How the U.S Overtook Britain as the Imperial Empire, Funding the Saudis and Israelis


I would argue that the United States prior to 1930 did not act the same way as the great European powers in terms of colonialism and domination; however, it slowly tried to edge its way into the markets of these countries which let it have a smooth transition to becoming an imperial power. The United States also gave itself the contrasting image of being, a liberator, instead of a subjugator like the old powers. This is case in point when looking at President Wilson’s 14 points, where he signaled a more “activist global policy inspiring hope in peoples the world over to escape from oppressive European colonial rule” (Khalidi, 34). It would seem that in the beginning the United States did follow Jefferson’s rules considering he had a caviet that even though you should not get directly entangled in their affairs, seeking friendly trade relations with them would be encouraged (Yilmaz 10). The barbary states were intended to be used by them for economic benefit (Yilmaz 13). This exemplifies the attitude of the U.S prior to 1930, not getting directly involved in their affairs, but still having an intention to seek economic benefit from their existence.

Seeing the relationship between the Middle East, and the great global U.S empire it is hard to imagine that prior to 1930, they did not attempt to directly control political affairs of the Middle East. That is, in the same manner as the British and French. It also is important to note that the United States, especially prior to the 20th century did not have the power and reach to dominate this region, which was the job of the European superpowers. However, we can see with the Barbary situation, the United States “secured its Mediterranean trade routes” which “indicated to the naval powers of Europe that the United States was going to be involved in trade in the area” (Yilmaz 14).  The United States continued to expand trading privileged in this region and even attempted signing trade agreements.

President Wilson also started fostering the rhetoric about Islams inferiority to western Christian cultures and values (which Europeans nations were not unfamiliar with), this way in the future like any empire, they could claim that their presence in this country (at this time only traders and missionaries), was to “civilize and help the savages find freedom” (Salt, 26). In 1919, the United States conducted a survey called “The King-Crane Commission” which polled the citizens of the Middle East in countries like Syria Palestine and Lebanon whether they were ready for freedom. At the time, since as Khalidi argues, (p. 31) the average Middle Eastern did not see the U.S a dominating, imperial power, but as one that was to an extent generally concerned with the well-being of their citizenry.

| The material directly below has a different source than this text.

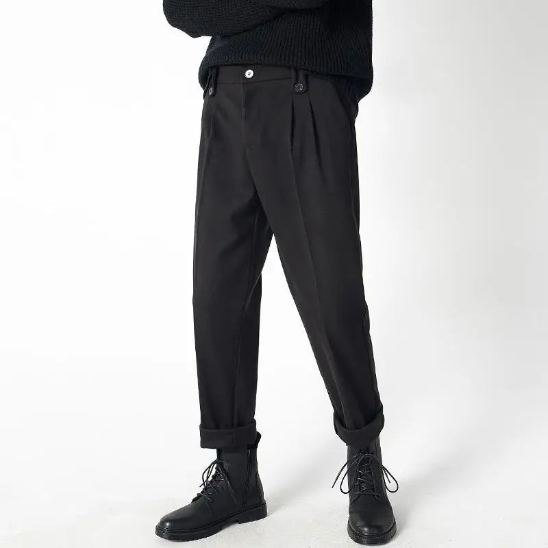 BONSIR - Autumn Winter Woolen Business Dress Pants Men Elastic Waist Streetwear Casual Trousers Formal Social Suit Pants Costume Homme
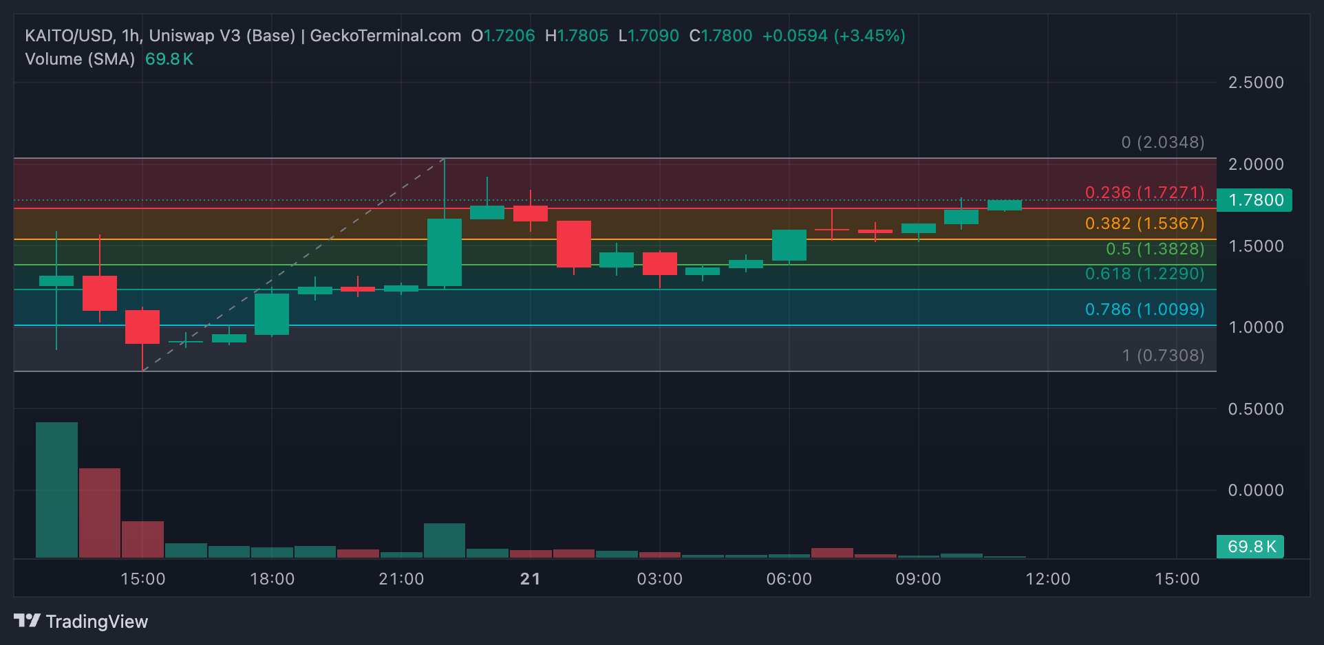 नया एयरड्रॉप किया गया टोकन KAITO आज एक ट्रेंडिंग altcoin है। यह वर्तमान में $1.78 पर ट्रेड कर रहा है, पिछले 24 घंटों में 42% की वृद्धि के साथ।

Was it just a deviation that the U.S would a short while later on seek to dominate and control the region? It’s hard to completely argue this. Some could argue that the subtle policies pursued and promoted by U.S business and religious interests help pay the way for 3 years after, consolidating power with the brutal Wahabii Abd al ‘Abiz Ibn Saud, founder of the Saudi Kingdom (Khiladi, 33).

Although the United States prior to the 1930’s, did not generally act as a direct imperial power, it shows signs of interest in the region and continued to try establishing friendly contact and relations with this region for economic reasons. We can see from the King-Crane Commission, that they definitely had some interest in the region, whether altruistic or selfish.  The United States, only after the 1930’s showed direct economic and later military imperialistic policies. The British, who were more powerful than the United States prior to the 1930’s, did not allow the U.S the same access to the Middle East, although it seemed as though U.S business interests would have not hesitated to be given the same privileges. Considering that looking ahead, the U.S replaced Britain as the world’s hegemon, we can only speculate to what degree of the ruling elite, foresaw that in the future they would directly control and dominate this region for their own economic and political interests. The control prior to the 1930’s was not established or seen, but the interest to use the sought-upon region for them was there. President Woodrow Wilson already made direct his philosophy that the “Mohammadens” were pretty much savages and the European Christians had a moral obligation to educate these heathens. This was in contradistinction to what Jefferson had wrote about and envisioned (Spellburg, 272). So we can see in the beginning of the 20th century somewhat of a transition taking place, although a slight one at that. The U.S definitely showed its interest in the region, but to determine that it qualified as imperialism or the signs of colonialism to come, is something that needs much analysis and speculation. It does seem like there is some sort of connection between the economic and social reach the United States was slowly building up, and the eventual reality seen after 1933. It is only after 1930, that the United States directly got involved in the political affairs of Arab nations.